Hydraulic tubing anchor
Tubing anchors are primarily used for mitigating tubing movement (up and down) in rod pump artificial lift. The tubing movement is caused by the cyclic stroke of the plunger inside the barrel at the bottomhole pump. The drawing of the plunger on the upstroke causes the tubing to rise while the descending of the plunger on the downstroke causes the tubing to drop.
At anywhere from three to nine strokes/min., tubing wear can be severe and many times catastrophic, resulting in a hole in the tubing and the need to pull the well. Traditional mechanical anchors are the rival of the hydraulic tubing anchor. However, they come with several disadvantages: 1) required to turn to actuate even in deviated holes; 2) large diameter can create sand bridges and gas slugs; 3) many moving parts increase the risk of getting stuck; and 4) numerous open cavities create increased opportunities for scale and other detritus to form.
All of these disadvantages are overcome with Black Gold Pump and Supply’s new hydraulic tubing anchor, Fig. 5. It contains large bypass areas preventing sand bridges and fluid slugs.

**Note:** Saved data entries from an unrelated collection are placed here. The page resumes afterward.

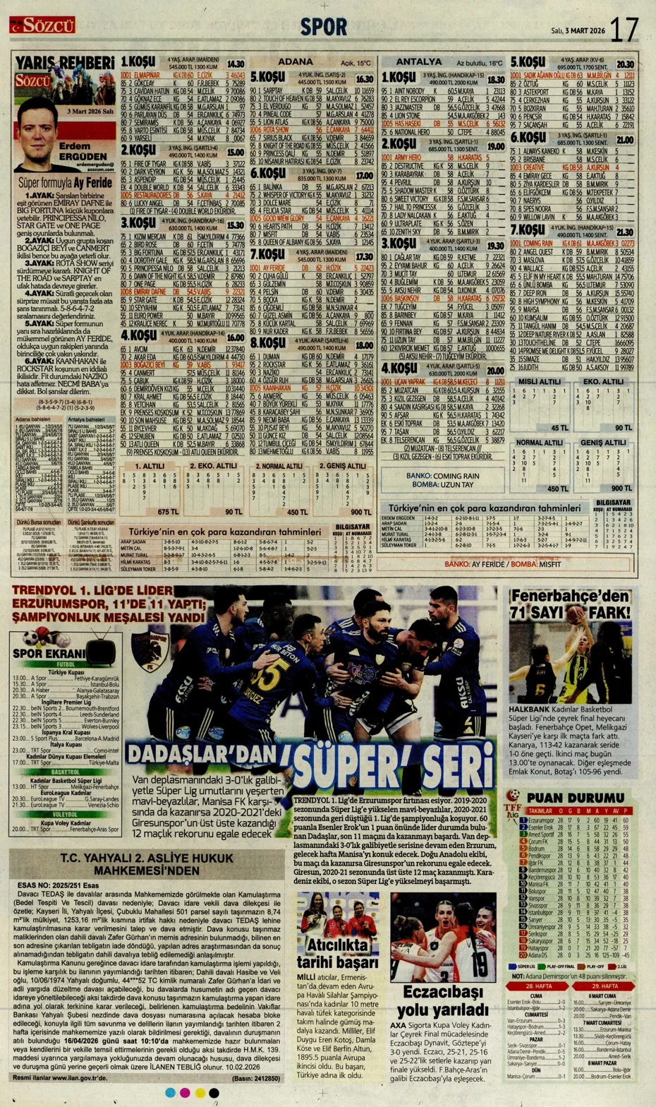 Aslan'ın gurur tablosu! Spor basını bugün ne yazdı? (3 Mart)
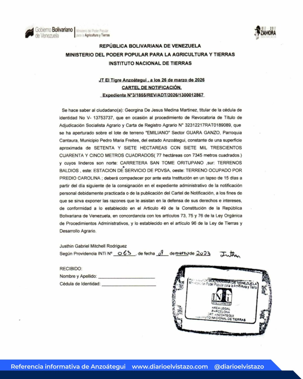 El Instituto Nacional de Tierras, JT El Tigre, Anzoátegui, emitió un cartel de notificación de fecha 26 de marzo de 2026, en atención a Georgina de Jesús Medina Martínez, titular de la cédula de identidad N° 13.753.737 y el lote de terreno «Emiliano», sector Guara Ganzo, parroquia Cantaura, municipio Pedro María Freites, estado Anzoátegui.
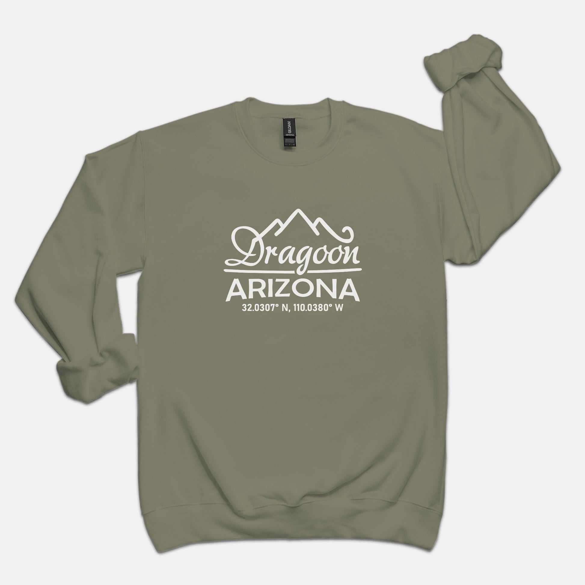 Stay warm and stylish with the Dragoon Arizona Classic Sweatshirt, featuring a bold yet timeless Dragoon, Arizona logo. Crafted from a soft, mid-weight fabric, this sweatshirt offers all-day comfort and warmth without feeling too heavy. Its classic fit makes it perfect for layering or wearing solo, whether you're out exploring or just relaxing. Rugged yet refined, it's the perfect way to show off your Dragoon pride in any season.

It has one moving part, which is actuated by pressure and not by tubing rotation, and it has a flush body design mitigating the opportunity for scale build-up.
Hydraulic tubing anchors are simple to install and extract. Hence, the ease of operation is a strong advantage of these units. Unlike a mechanical anchor, there is no need for surface manipulation to set a hydraulic anchor. Instead, hydraulic anchors are activated when the insert or tubing pump is set, and the pressure in the tubing string is greater than the pressure in the casing annulus. Simply unseat the pump to retrieve the anchor. The pressure will equalize and the anchor will no longer be in tension.

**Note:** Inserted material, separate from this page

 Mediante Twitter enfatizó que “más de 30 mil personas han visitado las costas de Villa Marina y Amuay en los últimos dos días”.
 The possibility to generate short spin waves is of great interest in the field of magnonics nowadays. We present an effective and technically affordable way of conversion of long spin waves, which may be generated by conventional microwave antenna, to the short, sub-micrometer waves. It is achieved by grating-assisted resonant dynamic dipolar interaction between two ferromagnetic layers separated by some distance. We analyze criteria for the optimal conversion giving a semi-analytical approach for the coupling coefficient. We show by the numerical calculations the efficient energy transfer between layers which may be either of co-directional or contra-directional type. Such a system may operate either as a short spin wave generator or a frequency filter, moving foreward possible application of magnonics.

Black Gold has run more than 5,000 hydraulic anchors with key advantages being significantly reduced rig time/cost on installation, optimized gripping power to the casing and significantly reduced rig time/cost upon extraction.
Pump stroke optimization
Encline Lift’s pump stroke optimization (PSO) device is designed to address problems encountered when rod pumping in rapidly changing flow regimes observed with oil production from horizontal wellbores. Current RPC technology was developed for vertical wells. The application of RPCs to horizontal wells often results in frequent full spectrum speed changes and excessive low pump fillage events, both of which are undesirable.
A method many operators employ to mitigate this problem is to manually reduce the maximum working speed set point to a value slightly above that required to handle all the daily production. This intervention must be done routinely, and is counterproductive should the well see increased deliverability due to events such as downtime or offset fracs. PSO replaces human intervention by regularly adjusting the maximum working speed based on analysis of several hours of observed pumping speeds and low pump fillage events. The result is better pump fillage, which results in better rod string and equipment loading, and in some cases increased production. Also, operator personnel are free to address other, more important tasks.

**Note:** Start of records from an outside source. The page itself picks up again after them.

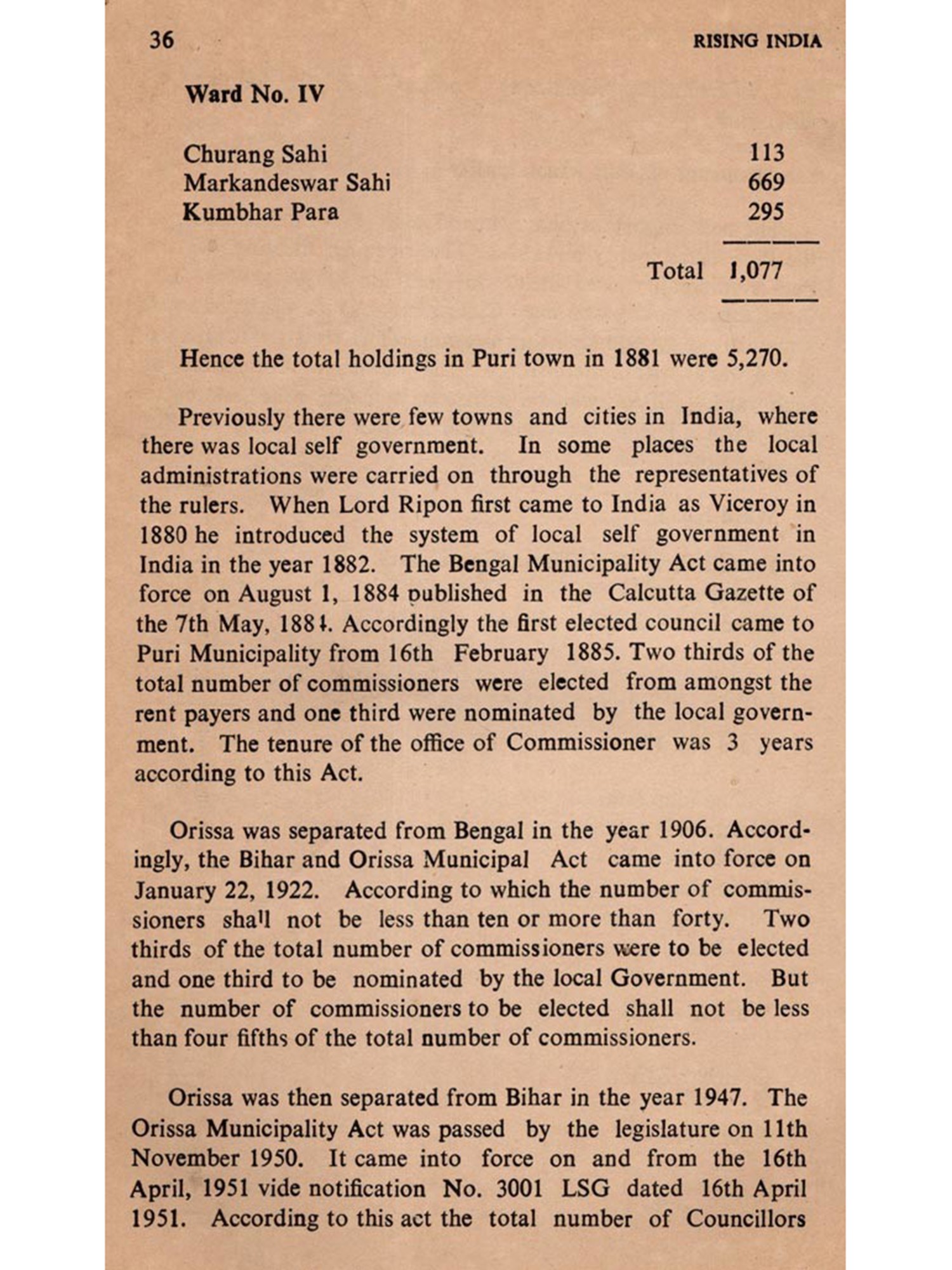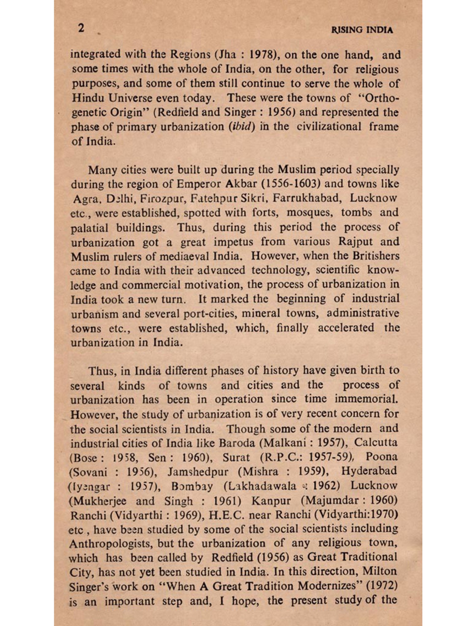 It gives me a great pleasure in presenting this volume on the study of Urbanization of a Great Traditional City, entitled "Rising India", which describes the processes and factors of urbanization of an ancient place of pilgrimage-Puri, which has been one of the four Dhams of the Hindus. Puri attracts lakhs of pilgrims from different corners of the Hindu Universe through-out the year. This traditional irtha of Puri has passed through the various historical phases, and therefore, has acquired many Sanskritic, Buddhistic, Tantric as well as the folk elements, which are evident in its "Sacred Complex" le. the sacred geography, the sacred performances and the sacred specialists (or different Niyogas). These aspects of this traditional pilgrim's centre have been highlighted by many scholars (viz. Patnaik, Rath, Mahapatra etc.) from time to time. However, besides these aspects, the increasing trend of urbanization of this traditional town of Puri, has been an important factor, and uptill now no anthropological work of any kind had been done on it. Thus, keeping in view the importance of both the sacred and urban dimensions of Puri, the Post-Graduate Department of Anthropology, Ranchi University, Ranchi, organised a field. expedition along with a batch of the Post-Graduate Research students under my guidance and supervision, which continued for nearly three months i.e. from December, 1974 to February, 1975 and the present volume is, thus, an out-come of that empirical field study.
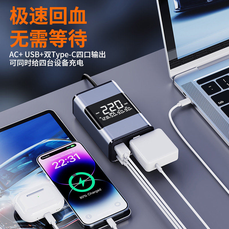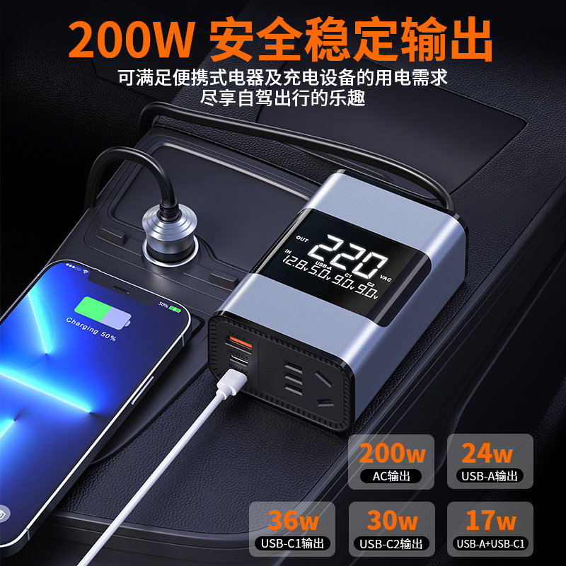 新型车载逆变器12v24v转220v大功率逆变转换器汽车充电器快充插座
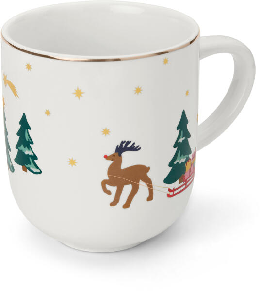 Nagyméretű bögre, karácsonyi mintával Szín: Krémfehér színes díszítéssel Aranyszínű perem Anyag: Bögre és fedél: porcelán Méretek: Magasság: kb. 11 cm Ø: kb. 10 cm, Ø alul: kb. 5 cm Tartalom: Megfelelőségi, valamint a mikrohullámú és hagyományos sütőben történő használatra vonatkozó tájékoztatóval Súly: Kb. 390 g Töltőtömeg: Kb. 470 ml A termékhez mellékelt használati és kezelési útmutatót a forgalmazó on-line formában is biztosítja, amely a „Letöltés – használati útmutató linken érhető el, illetve tölthető le. Minőségi porcelánbólAranyszínű díszítéssel a bögre pereménSzép karácsonyi motívummalHasznos űrtartalom: kb. 470 ml50 °C-ig mosogatógépben tisztítható

Many RPC’s allow for the downstroke to operate at a slower speed than the upstroke. For RPC’s with this feature, the PSO device decreases the downstroke pumping speed preferentially, leaving the upstroke pumping speed unchanged until an operator-set differential is reached. This practice results in less “detrimental” pump slippage, since the percentage of time spent on the upstroke is reduced.
Pump slippage during the upstroke is termed detrimental, as it occurs when the standing valve is open, with every ounce of slippage resulting in one less ounce of fluid entry through the standing valve. The opposite is true for pump slippage during the downstroke, which is viewed favorably, and only occurs while both the standing and travelling valves are closed.
Downstroke pump slippage serves to increase the pressure between the two closed valves, and is actually helpful in opening the travelling valve. The additional time spent on the downstroke allows for more of this favorable pump slippage, but more importantly, it allows more time for evolving gas to rise then exit the rod pump’s gas anchor. This is valuable given the oil in the pump of a horizontal well is extremely live, unlike in vertical wells with a sump pump. Less slippage and better pump fillage both result in less strokes per day for the same production, which results in less downhole wear and less power consumption.
PSO field trials began in two Eagle Ford wells in March of 2015, with the successful results presented at the ALRDC Sucker Rod Pumping workshop in September 2015. A year later at the workshop, the results of a successful four well Bakken test were presented at the 2016 workshop, Fig. 6. Additionally, a case study on 20 Eagle Ford wells was presented at the SPE Artificial Lift Conference in Houston in October 2016 (SPE 181228). PSO has now been successfully implemented in the Permian basin, DJ basin, Bakken and Eagle Ford.